Folkton Drums could have been measuring devices used to build Stonehenge
21 December 2018
A unique set of chalk cylinders known as the Folkton Drums could have been designed as prehistoric ‘tape measures’ and used in the construction of monuments such as Stonehenge, according to a new study by UCL and University of Manchester.
The Folkton Drums are around 5000 years old and were found at ancient archaeological sites in Britain but until recently the function of these artefacts was completely unknown.
Professor Mike Parker Pearson (UCL Institute of Archaeology), said: “For almost 150 years the Folkton Drums have been viewed as beautiful yet unfathomable artefacts. A new understanding that their size and design elements may, in fact, have applications to monument construction has intriguing implications for our knowledge of Neolithic society.”
The study, published in the British Journal for the History of Mathematics, has shown that by winding a cord a fixed number of times around each of the drums, a standard unit of length can be obtained.
This unit of length appears to have been used in the construction of large stone and timber circles including Stonehenge and Durrington Walls in Wiltshire.
The measuring drums are rare and enigmatic objects that were carved from blocks of solid chalk by people living in early farming communities in Britain during the Neolithic period up to 5000 years ago.
Three of the chalk drums were discovered in 1889 near the village of Folkton in Yorkshire, while a fourth was discovered more than a century later near Lavant in West Sussex.
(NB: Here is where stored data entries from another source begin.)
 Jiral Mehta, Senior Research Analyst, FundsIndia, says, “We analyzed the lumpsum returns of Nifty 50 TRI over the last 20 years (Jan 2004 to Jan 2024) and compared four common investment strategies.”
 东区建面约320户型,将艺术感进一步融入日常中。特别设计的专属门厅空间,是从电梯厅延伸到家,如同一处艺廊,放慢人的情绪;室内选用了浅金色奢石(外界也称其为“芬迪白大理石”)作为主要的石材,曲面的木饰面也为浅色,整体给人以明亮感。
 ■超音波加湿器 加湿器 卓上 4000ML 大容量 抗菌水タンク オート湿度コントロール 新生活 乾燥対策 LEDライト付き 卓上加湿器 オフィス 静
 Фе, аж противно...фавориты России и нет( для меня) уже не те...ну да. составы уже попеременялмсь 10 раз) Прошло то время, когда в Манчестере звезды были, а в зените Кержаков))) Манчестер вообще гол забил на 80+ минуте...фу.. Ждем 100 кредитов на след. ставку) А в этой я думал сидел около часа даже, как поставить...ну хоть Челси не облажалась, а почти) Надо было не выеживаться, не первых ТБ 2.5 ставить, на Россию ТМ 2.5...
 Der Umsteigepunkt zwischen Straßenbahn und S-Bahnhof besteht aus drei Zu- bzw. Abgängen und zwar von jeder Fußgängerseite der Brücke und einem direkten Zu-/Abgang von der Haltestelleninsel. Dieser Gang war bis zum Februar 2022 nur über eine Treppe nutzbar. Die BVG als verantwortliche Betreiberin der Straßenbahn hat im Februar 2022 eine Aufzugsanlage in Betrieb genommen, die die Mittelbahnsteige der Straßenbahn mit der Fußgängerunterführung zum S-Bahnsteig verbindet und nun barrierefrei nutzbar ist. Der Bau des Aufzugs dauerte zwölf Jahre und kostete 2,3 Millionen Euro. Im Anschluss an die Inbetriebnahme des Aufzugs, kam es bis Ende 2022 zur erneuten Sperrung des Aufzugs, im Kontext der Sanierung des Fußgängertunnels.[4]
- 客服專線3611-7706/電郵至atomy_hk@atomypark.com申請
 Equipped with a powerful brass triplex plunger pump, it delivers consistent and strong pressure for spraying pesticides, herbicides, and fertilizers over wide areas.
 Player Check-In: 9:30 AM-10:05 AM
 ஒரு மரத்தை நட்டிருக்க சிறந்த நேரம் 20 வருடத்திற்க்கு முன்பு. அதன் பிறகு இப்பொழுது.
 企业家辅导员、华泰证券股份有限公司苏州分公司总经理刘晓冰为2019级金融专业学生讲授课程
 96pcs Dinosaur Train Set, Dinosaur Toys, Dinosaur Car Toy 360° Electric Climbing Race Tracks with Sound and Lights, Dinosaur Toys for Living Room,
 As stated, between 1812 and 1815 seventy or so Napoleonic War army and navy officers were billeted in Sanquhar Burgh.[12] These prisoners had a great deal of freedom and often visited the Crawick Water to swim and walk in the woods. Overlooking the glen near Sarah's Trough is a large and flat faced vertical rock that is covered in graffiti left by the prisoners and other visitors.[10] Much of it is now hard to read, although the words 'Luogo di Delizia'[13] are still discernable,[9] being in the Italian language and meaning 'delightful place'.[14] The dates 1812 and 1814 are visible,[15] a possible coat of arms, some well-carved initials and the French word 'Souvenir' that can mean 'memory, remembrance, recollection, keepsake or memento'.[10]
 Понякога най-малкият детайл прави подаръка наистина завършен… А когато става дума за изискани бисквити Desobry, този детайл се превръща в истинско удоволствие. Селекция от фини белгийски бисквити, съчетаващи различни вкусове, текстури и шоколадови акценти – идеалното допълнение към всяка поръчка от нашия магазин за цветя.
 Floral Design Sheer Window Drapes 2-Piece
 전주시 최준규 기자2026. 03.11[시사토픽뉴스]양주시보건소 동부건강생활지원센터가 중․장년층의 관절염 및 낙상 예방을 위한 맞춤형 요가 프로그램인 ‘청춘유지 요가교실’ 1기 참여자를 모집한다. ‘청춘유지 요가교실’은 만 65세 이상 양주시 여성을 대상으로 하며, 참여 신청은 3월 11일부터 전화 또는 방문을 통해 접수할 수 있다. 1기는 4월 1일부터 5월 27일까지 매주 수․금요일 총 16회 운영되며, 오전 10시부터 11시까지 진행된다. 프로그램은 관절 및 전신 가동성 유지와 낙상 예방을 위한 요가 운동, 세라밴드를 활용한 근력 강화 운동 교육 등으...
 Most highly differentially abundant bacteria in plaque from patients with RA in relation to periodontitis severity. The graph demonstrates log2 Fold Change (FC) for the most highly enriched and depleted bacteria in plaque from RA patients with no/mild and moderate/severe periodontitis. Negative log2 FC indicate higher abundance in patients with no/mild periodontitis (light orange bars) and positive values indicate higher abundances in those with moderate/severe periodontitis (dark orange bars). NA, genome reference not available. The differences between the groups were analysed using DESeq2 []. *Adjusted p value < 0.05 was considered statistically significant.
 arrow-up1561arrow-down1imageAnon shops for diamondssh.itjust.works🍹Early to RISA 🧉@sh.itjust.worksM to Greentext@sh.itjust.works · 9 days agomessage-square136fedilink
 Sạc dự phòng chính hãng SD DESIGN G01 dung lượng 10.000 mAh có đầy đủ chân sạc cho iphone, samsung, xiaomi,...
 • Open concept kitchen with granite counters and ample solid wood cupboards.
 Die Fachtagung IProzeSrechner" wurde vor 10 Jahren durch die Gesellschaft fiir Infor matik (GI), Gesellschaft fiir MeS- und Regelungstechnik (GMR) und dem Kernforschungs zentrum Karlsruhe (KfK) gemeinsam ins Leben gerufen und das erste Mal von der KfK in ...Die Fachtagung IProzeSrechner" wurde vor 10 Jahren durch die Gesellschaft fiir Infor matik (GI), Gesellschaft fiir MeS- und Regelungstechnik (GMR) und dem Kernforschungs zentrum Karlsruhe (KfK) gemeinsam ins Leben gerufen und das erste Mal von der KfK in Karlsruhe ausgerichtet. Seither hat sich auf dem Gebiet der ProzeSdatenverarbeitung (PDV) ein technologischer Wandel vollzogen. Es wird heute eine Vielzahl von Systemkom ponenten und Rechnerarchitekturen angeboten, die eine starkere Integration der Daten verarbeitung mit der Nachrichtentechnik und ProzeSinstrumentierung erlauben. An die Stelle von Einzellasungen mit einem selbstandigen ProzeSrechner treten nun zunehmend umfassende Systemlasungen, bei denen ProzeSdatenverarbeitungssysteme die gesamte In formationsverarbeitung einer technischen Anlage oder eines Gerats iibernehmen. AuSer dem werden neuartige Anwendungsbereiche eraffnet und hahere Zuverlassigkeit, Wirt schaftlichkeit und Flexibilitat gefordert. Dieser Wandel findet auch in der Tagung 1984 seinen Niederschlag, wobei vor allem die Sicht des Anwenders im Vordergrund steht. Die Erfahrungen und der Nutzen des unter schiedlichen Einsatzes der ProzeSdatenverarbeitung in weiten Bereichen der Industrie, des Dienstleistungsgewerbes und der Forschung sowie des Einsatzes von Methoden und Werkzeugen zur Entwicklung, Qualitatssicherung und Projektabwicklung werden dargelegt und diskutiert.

The drums appear to have been created in a carefully graduated series of sizes so that the circumference of each drum can be used to measure out a fixed proportion of a standard length of 3.22 metres. A cord of this length wraps exactly ten times round the circumference of the smallest drum and exactly nine, eight or seven times around each of the sequence of larger drums.
Previous studies have shown that multiples of the standard measure of 3.22 metres were used to lay out the diameters of large circular earthworks and their stone and timber circles at Stonehenge and Durrington Walls. Together with the new evidence from Yorkshire and Sussex, this indicates that a prehistoric standard of measurement was in widespread use in ancient Britain.
The regular layout of large, complex ritual monuments such as Stonehenge implies that the construction site was surveyed carefully and the required dimensions of large stones could be transferred to stone quarry sites located up to 260 kilometres (160 miles) away.
Measuring cylinders would have provided an accurate and highly portable method for ensuring that the quarried stones were of the correct size and for ensuring that monuments of similar design could be built at widely separated locations.
Professor Andrew Chamberlain (University of Manchester), said: “Chalk is not the most suitable material for manufacturing measuring equipment and it is thought that the drums may be replicas of original ‘working’ standards carved out of wood. However, wood is not preserved on most Neolithic archaeological sites and no wooden measuring devices have been found in prehistoric Britain. The existence of these measuring devices therefore implies an advanced knowledge in prehistoric Britain of geometry and of the mathematical properties of circles.”
Dr Anne Teather (University of Manchester) said: “These findings show how important it is to continue to research artefacts in museum collections, and the value in collaborative research for understanding prehistory.”
Professor Parker Pearson, concluded: “The Folkton Drums were found in the grave of a child, so does this mean that standard measures were somehow associated with children, or growth, or the human life-cycle including learning and the inter-generational transmission of knowledge? These items were almost certainly prestigious although how, or to what extent they held social power, is unknown. This work opens up the field of material culture studies to exciting new possibilities.”